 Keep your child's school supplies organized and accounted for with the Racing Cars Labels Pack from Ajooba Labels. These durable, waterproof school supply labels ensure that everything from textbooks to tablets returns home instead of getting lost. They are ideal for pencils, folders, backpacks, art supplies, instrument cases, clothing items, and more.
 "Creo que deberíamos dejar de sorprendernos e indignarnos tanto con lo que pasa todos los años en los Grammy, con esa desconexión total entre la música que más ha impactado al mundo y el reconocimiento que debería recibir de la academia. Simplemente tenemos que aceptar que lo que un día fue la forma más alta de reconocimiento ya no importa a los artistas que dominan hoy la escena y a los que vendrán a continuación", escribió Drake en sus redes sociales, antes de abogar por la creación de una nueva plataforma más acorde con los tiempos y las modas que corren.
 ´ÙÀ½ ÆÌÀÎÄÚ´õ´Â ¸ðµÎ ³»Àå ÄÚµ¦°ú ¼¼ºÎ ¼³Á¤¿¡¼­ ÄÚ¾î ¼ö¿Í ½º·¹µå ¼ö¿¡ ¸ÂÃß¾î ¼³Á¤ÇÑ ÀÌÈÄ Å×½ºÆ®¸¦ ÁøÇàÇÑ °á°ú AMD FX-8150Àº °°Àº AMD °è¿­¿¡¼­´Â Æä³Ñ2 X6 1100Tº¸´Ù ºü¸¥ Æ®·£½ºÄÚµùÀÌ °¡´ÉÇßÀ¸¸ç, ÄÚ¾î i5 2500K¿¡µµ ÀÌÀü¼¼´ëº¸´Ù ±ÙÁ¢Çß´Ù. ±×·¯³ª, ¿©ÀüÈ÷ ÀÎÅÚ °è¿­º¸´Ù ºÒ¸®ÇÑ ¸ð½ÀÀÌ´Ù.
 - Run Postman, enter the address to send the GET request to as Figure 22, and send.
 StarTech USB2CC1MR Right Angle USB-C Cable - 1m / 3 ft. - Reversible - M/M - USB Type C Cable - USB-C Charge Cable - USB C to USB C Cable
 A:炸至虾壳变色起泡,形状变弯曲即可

==

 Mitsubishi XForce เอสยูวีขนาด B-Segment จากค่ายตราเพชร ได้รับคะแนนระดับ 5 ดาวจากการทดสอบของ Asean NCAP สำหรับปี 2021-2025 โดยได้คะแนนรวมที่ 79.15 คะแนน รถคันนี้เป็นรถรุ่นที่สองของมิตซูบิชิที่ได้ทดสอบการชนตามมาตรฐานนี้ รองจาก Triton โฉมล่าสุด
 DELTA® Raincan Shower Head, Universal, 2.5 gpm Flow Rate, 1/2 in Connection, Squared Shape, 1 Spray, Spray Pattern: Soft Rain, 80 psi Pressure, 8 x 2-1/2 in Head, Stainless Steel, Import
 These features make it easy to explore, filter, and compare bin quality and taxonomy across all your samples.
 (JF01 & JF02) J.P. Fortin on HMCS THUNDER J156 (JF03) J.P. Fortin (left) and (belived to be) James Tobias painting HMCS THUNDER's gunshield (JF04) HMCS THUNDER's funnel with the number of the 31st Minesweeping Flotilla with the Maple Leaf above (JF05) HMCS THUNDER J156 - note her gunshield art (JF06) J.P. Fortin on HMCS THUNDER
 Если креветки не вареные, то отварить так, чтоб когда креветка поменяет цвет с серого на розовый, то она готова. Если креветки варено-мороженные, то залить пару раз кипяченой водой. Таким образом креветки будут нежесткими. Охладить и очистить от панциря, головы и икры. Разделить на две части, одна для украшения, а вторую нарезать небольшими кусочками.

...

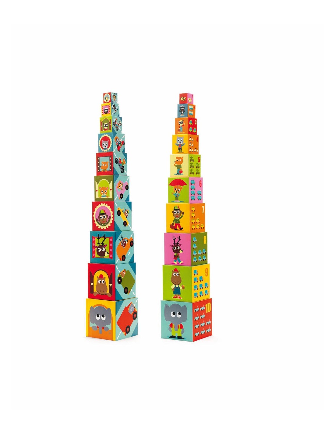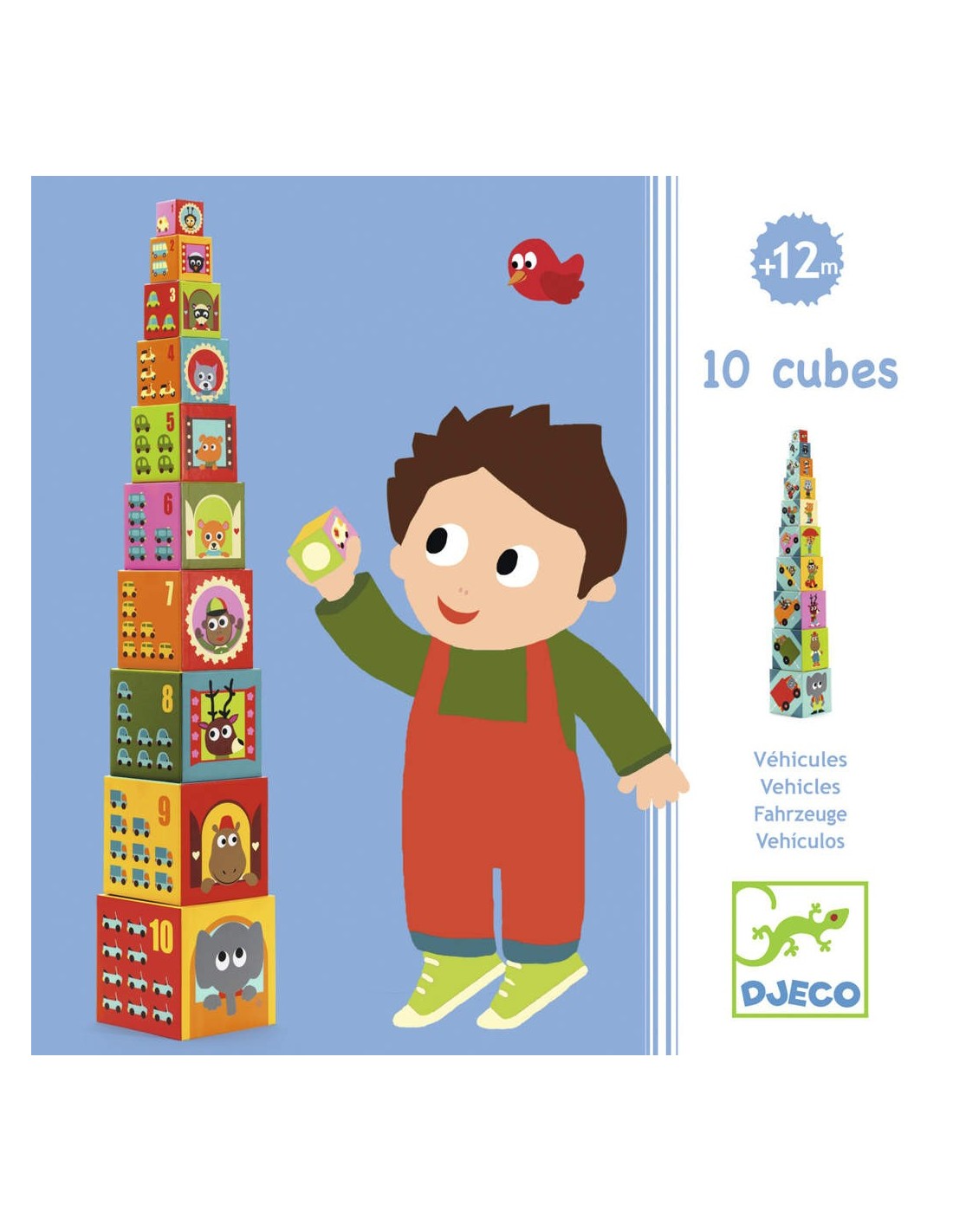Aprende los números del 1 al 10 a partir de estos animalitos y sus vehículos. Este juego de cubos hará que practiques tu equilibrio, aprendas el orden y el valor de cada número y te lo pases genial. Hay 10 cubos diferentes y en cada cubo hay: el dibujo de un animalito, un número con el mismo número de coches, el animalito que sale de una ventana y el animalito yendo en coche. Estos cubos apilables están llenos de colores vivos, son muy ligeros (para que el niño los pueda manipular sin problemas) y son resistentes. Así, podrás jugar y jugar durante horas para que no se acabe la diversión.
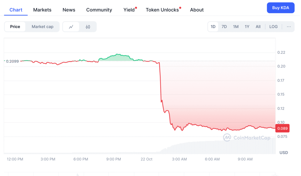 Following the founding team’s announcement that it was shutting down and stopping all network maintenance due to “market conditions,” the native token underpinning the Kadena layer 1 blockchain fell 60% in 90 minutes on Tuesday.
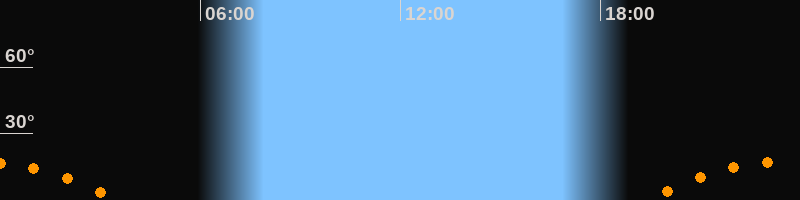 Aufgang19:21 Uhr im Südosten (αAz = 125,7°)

- **Task description**
Work out how many lines in the records include "These". Only the number should be given.

- **Task answer**
2